The novel Coronavirus is changing the business landscape at lightning speed.
While governments continue to work to blunt the negative impacts, there is already one new provision designed to help employers assist workers needing to take leave for either health or family care reasons.
The Families First Coronavirus Response Act, signed into law last week, allows small and midsized employers to use two new refundable payroll tax credits aimed at immediately reimbursing them, dollar for dollar, for the cost of providing Coronavirus-related leave to their employees.
The new law also mandates paid leave benefits for small business employees affected by the COVID-19 emergency. Learn some details on the new law below.
The new law grants tax credits to small employers to cover payments to eligible employees while they take time off under the mandatory emergency COVID-19 paid sick leave and paid family leave provisions. These provisions apply to employers with less than 500 employees.
The new law takes effect April 1, 2020.
Emergency Paid Leave Details
- Emergency paid sick leave under the new law is limited to $511 per day for up to 10 days (up to $5,110 in total) for an employee who's in COVID-19 quarantine or seeking a COVID-19 diagnosis.
- An employee can also receive emergency COVID-19 paid sick leave of up to $200 per day for up to 10 days (up to $2,000 in total) to care for a child whose school or childcare location has been closed or whose childcare is unavailable due to COVID-19.
- In addition, the law gives an employee the right to take up to 12 weeks of job-protected family leave if the employee or a family member is in COVID-19 quarantine or if the school or childcare location of the employee's child is closed due to the outbreak.
- The employer must pay at least two-thirds of the employee's usual pay, up to a maximum of $200 per day, subject to an overall maximum of $10,000 in total family leave payments.
- Employers with fewer than 50 employees may qualify for an exemption from paid child care leave requirements.

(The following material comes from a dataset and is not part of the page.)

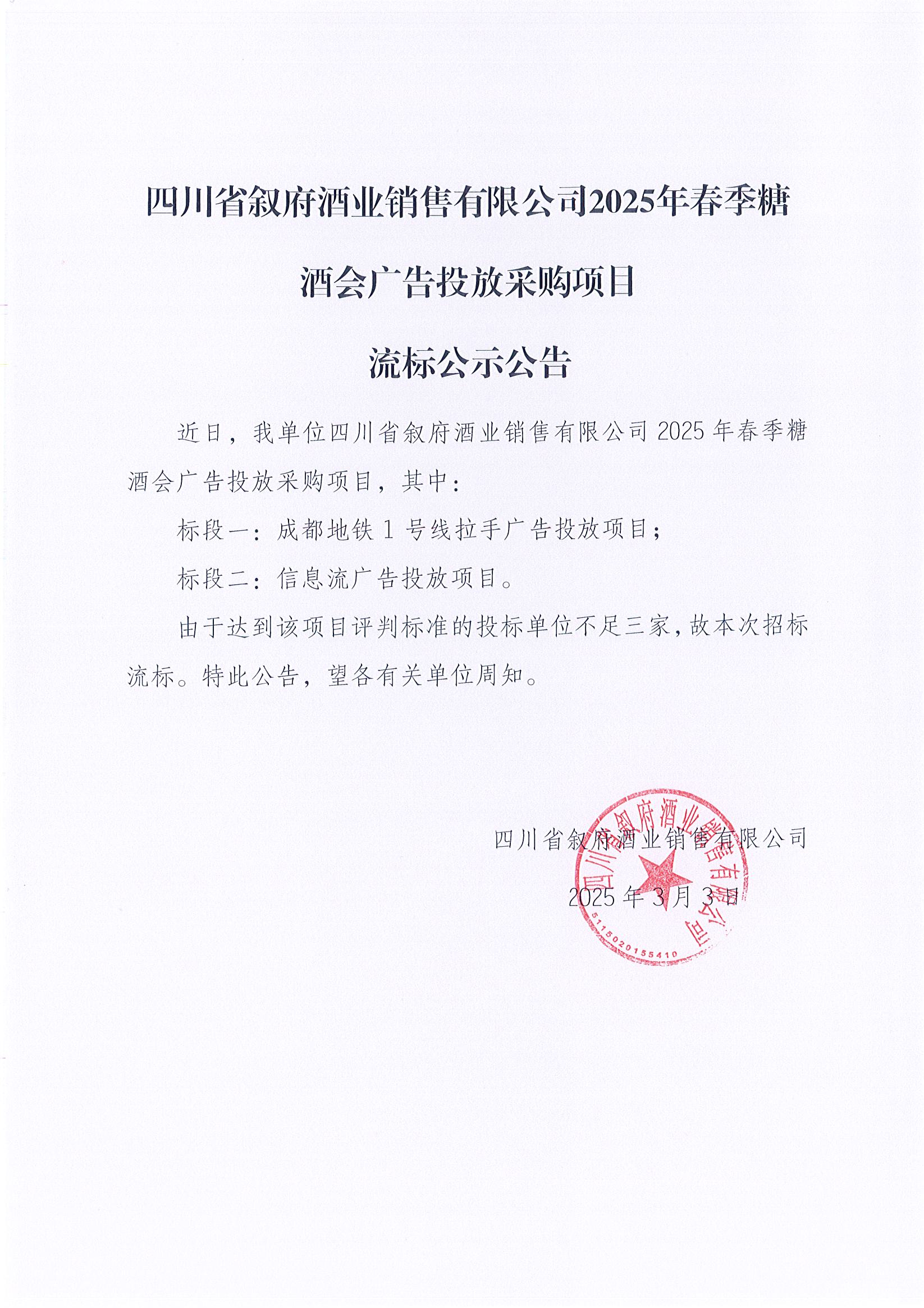 四川省敘府酒業(yè)銷售有限公司2025年春季糖酒會(huì)廣告投放采購項(xiàng)目流標(biāo)公示公告

Tax Credits to Reimburse Employers
To help employers cover these now-mandatory emergency leave payments, the law allows a refundable tax credit equal to 100% of qualified sick leave wages and family and medical leave wages paid by the employer.
- The credit applies only to eligible leave payments made during the period beginning on a date specified by Treasury Secretary Mnuchin and ending on December 31, 2020.
- The credit also offsets - uncapped - the employer contribution for health insurance premiums for the employee for the period of leave.
- The credit can or will be used to offset the Social Security tax component of the employer's FICA tax bill. Any excess credit is refundable, meaning the government will issue a check to the employer for the excess.
Important: The credit isn't available to employers that are already receiving the pre-existing credit for paid family and medical leave under Internal Revenue Code Section 45S.
New Tax Credit Examples
Check out these two examples on how the credits might be used:
|If an eligible employer paid $5,000 in sick leave and is otherwise required to deposit $8,000 in OASDI taxes, the employer could use up to $5,000 of the $8,000 of taxes it was going to deposit to reimburse itself for qualified leave payments. The employer would only be required under the law to deposit the remaining $3,000 on its next regular deposit date.|
|If an eligible employer paid $10,000 in sick leave and was required to deposit $8,000 in OASDI taxes, the employer could use the entire $8,000 of taxes in order to reimburse itself for qualified leave payments and file a request for an accelerated credit for the remaining $2,000.|
Employer FICA Tax Relief
Qualified sick leave and family leave payments mandated by the new law are exempt from the 6.2% Social Security tax component of the employer FICA tax on wages. Employers must pay the 1.45% Medicare tax component of the FICA tax on qualified sick leave and family leave payments, but they can claim a credit for that outlay.
Credits for Self-Employed People
For a self-employed individual who's affected by the COVID-19 emergency, the new law allows a comparable refundable credit against the individual's federal income tax bill. If the credit exceeds the individual's federal income tax bill (including the self-employment tax), the excess will be refunded via a check from the government. Please contact us for more information on the self-employed credits.
What is Still Unknown
The Department of Labor is currently creating interim rules which will provide guidance on how the law will work. Until those rules are implemented, answers to many specific questions will remain unknown. When the rules are released sometime prior to April 2, the guidance will provide the clarity necessary to fully implement the new law.
Some of the unanswered questions include:
- How the 500 employee threshold will be defined, including if part-time employees count
- Also if the 500 accounts for seasonal employees or employees affected by Coronavirus-related layoffs
- How multiple, related companies will be treated with regard to employee count
This article only covers some of the COVID-19-related tax changes that have already been finalized. Other types of non-tax federal relief have also been made available and many states have announced their own COVID-19 relief.